Saturday, November 24, 2012

Poetry


                                                     
Harsh Winter

The cold of winter

brings back memories

of the way it's much harsher

of sitting in front of a roaring fire, drinking hot chocolate and tea.
*
I don't want to venture out in it's coldness

to feel the way it has hold of us

I would rather stay inside

where it's cozy and warm like a beach so wide.
*
Winter can blow its blustery winds

I don't care - I'll sit at the Inns

in front of a warm fireplace

where the winds of winter cannot me displace.

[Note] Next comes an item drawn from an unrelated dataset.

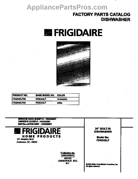 Parts for Frigidaire FDB345LFS0: 01 - Cover Parts

Thursday, November 22, 2012

Poetry


When I Dream

When I lay asleep

I think of you and me

all the fun times we had

I admit these dreams weren't bad.
*
I think of all the bad things said

God, sometimes I can't get them out of my head

I remember mostly the touches-the feels

those are images I want to be seeing.
*
Songs I can't get out of my head

songs about us that told it all

how we felt about what we had

it wasn't a mere tumble I took when you left, my love, but a mighty fall

And it hurt.

Wednesday, November 21, 2012

Giving Thanks



With Thanksgiving just around the corner, I'd like to give thanks to those who are no longer with me, my Mom and Dad and other relatives who I remember and miss. Whose smiles always brightened my day no matter how gloomy it was. To my friend, Teri. Still love you babe. 

Sunday, November 18, 2012

My Blog



I now have as of  11/19/12  496 views of my blog site and I want to say thank you all for taking the time to view it. I will try to get more posts in. And I'm not making any excuses here, LOL, but writing on my novel has been keeping me busy. Anyway, I'll keep posting and everyone keep viewing. Thank You All, Mark.

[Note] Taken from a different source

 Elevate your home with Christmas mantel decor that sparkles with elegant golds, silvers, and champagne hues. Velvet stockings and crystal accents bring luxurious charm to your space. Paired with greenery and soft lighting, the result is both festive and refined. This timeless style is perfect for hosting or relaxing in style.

Saturday, November 17, 2012

No End Of The World


I've been following this theory of what the Mayans said about their prophecy the world would end as of December 21 st of this year. I'm sorry but I'm like most people, I don't put stock into it. It may mean a change is coming, who knows, but it certainly doesn't mean the world will end. All these people saying that it may be true because of weather things that have happened this year or wars that have happened overseas. I don't believe it.

Monday, November 12, 2012


Sometimes I feel like I have been set adrift on the ocean, floating but not knowing where the waves will take me. That's how I feel sometimes, all alone out there. Sometimes it's peaceful and others it's lonely. I think about some of the people I would like to be enjoying this beautiful sunset and ocean voyage with, yet they are nowhere around. Yes sometimes I feel like I have been set adrift on the ocean, floating alone - just me.

Thursday, November 8, 2012

I'm Glad The Political BS Is Over


I'm happy that the political backstabbing and name calling is over, now maybe this country of ours can get back to business as usual. I'm also happy that a President who at least recognizes the Gay community as being the same as the Straight was elected. The other candidate was all against it, so was his Vice President choice. I hope we can all work together to make this a decent country where we can all live the same, have the same Rights and Equality.

Wednesday, October 31, 2012

Here's To Milestones




I'd like to speak about a milestone of my own. It doesn't seem like I've already done 29 blog entries so far in the short time I've had this blog site but I have. I think back to the first things I wrote, my poetry which will always have a special place in my heart. Then all my feelings that came out and down through my fingers and finally onto my site. Of course there is all those Yums that I have here on my site. I can't forget all those luscious men. I do want to thank the people who are no longer with me, my parents, Terri my first crush in high school, and of course Sean, my son. They are all in Heaven looking down and watching over me. Terri I always considered my Guardian Angel, if you believe in them - I do. Before I close this entry, I want to pass along another milestone in my life, I recently turned 50 years old. I still remember a lot of the things I did when I was a kid. I'll close there. And then I'll keep writing.

Friday, October 26, 2012

Sexy Vampires

















I'm a Vamp Queen. I've always had a thing for vampire movies and these hunks I could sink my teeth into. They make being a vampire gorgeous. Yum Yum !!